Denote by $S$ the set of all convergent sequences $(a_n)_{n=0}^\infty$, where each $a_n\in\mathbb{R}$. What is $|S|$?
It must be the case that $|S|\geq|\mathbb{R}|$. For each $x\in\mathbb{R}$, given the decimal expansion $x_0.x_1x_2x_3\ldots$ of $x$, the mapping $x\mapsto(\sum_{k=0}^nx_k10^{-k})_{n=0}^\infty$ is an injection $\mathbb{R}\to S$.
I would guess that $|S|=|\mathcal{P}(\mathbb{R})|$. Is this true? If so, what might be an approach to prove it?
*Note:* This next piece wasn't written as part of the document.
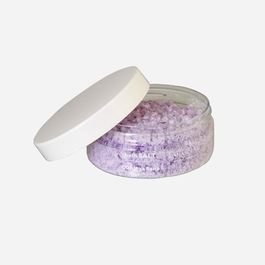 Badesalz mit Lavendelöl ist ein vollständig natürliches Produkt, das zur Hydratisierung und Erfrischung der Haut beiträgt.
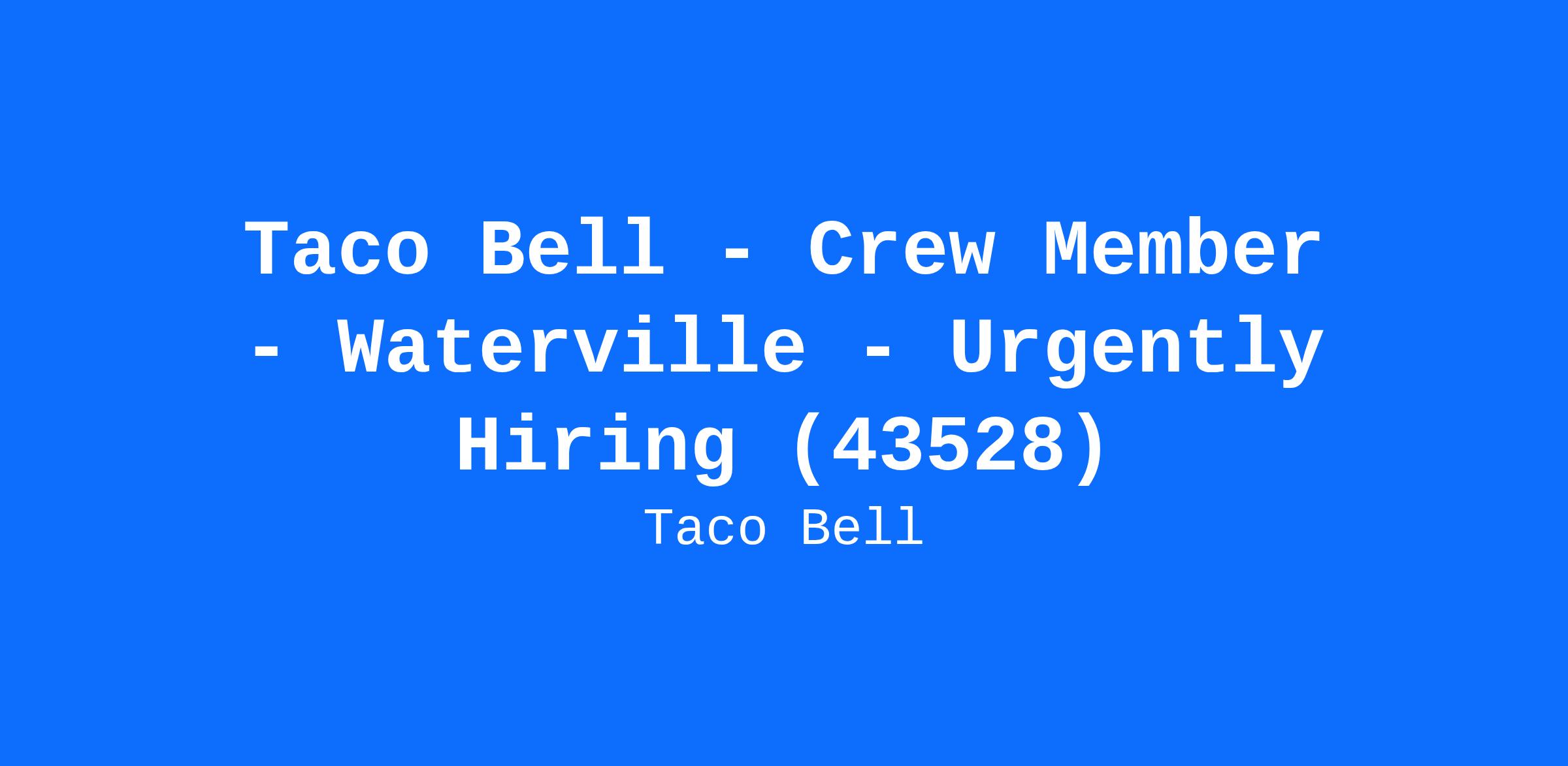 Taco Bell - Crew Member - Waterville - Urgently Hiring (43528)

Given any countable subset of $\mathbb{R}$, I believe the following construction generates a unique convergent sequence and hence an injection into $S$. Order the elements of the subset as $a_1,a_2,\ldots$, and consider the following map $f:\mathbb{R}\to\mathbb{R}$:
$$f(a_k)=\begin{cases}
|a_k|,&|a_k|\leq1 \\
|1/a_k|,&|a_k|>1 \\
\end{cases}$$
Then the sequence $\big(\sum_{k=0}^n(-1/2)^kf(a_k)\big)_{n=1}^\infty$ converges by the alternating series test. I'm not sure of any construction for uncountable subsets of $\mathbb{R}$, as I don't think that this approach would help. Additionally, I would still need to show either an injection from $S$ into $\mathcal{P}(\mathbb{R})$ or that some map $g:\mathcal{P}(\mathbb{R})\to S$ is a bijection, and I don't currently have any ideas for either of these.
Best Answer
Sequences are elements of $\Bbb R^{\Bbb N}$, therefore the cardinality of $S$ is bounded above by $$\left\lvert \Bbb R^{\Bbb N}\right\rvert=\left\lvert (2^{\Bbb N})^{\Bbb N}\right\rvert=\left\lvert 2^{\Bbb N\times\Bbb N}\right\rvert=2^{\lvert \Bbb N\rvert}=\lvert\Bbb R\rvert$$
Moreover, there are several easy injections of $\Bbb R$ in $S$.